GIVEN MATERIAL »

::::::::

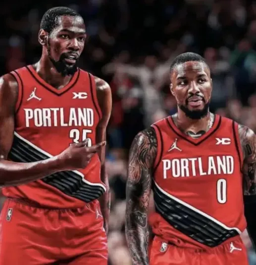 06月26日讯 根据此前报道,利拉德在社交媒体晒出了一张PS过的他和凯文-杜兰特的合照,照片里的杜兰特穿着开拓者的球衣。
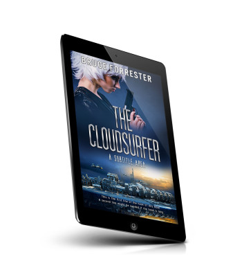 “A futuristic-themed cover with a person holding a gun and a sci-fi cityscape in the background.”
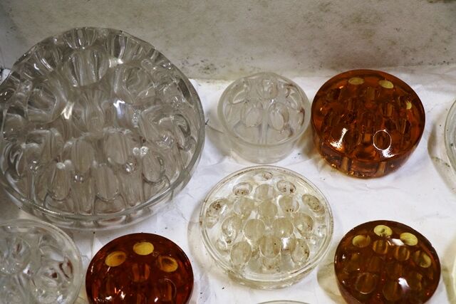 ID: GL931Art Deco Pair of Amber Glass Shell Bowls. Lovely quality.
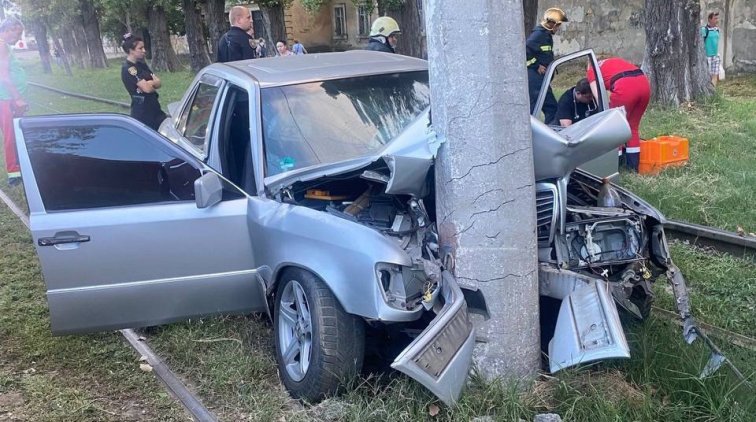 По предварительной информации, водитель Мерседеса не справился с управлением и врезался в столб.

::::::::

EXERCISE DESCRIPTION » Return the material exactly as given above, picture-free.

FINISHED EXERCISE »
 06月26日讯 根据此前报道,利拉德在社交媒体晒出了一张PS过的他和凯文-杜兰特的合照,照片里的杜兰特穿着开拓者的球衣。
 “A futuristic-themed cover with a person holding a gun and a sci-fi cityscape in the background.”
 ID: GL931Art Deco Pair of Amber Glass Shell Bowls. Lovely quality.
 По предварительной информации, водитель Мерседеса не справился с управлением и врезался в столб.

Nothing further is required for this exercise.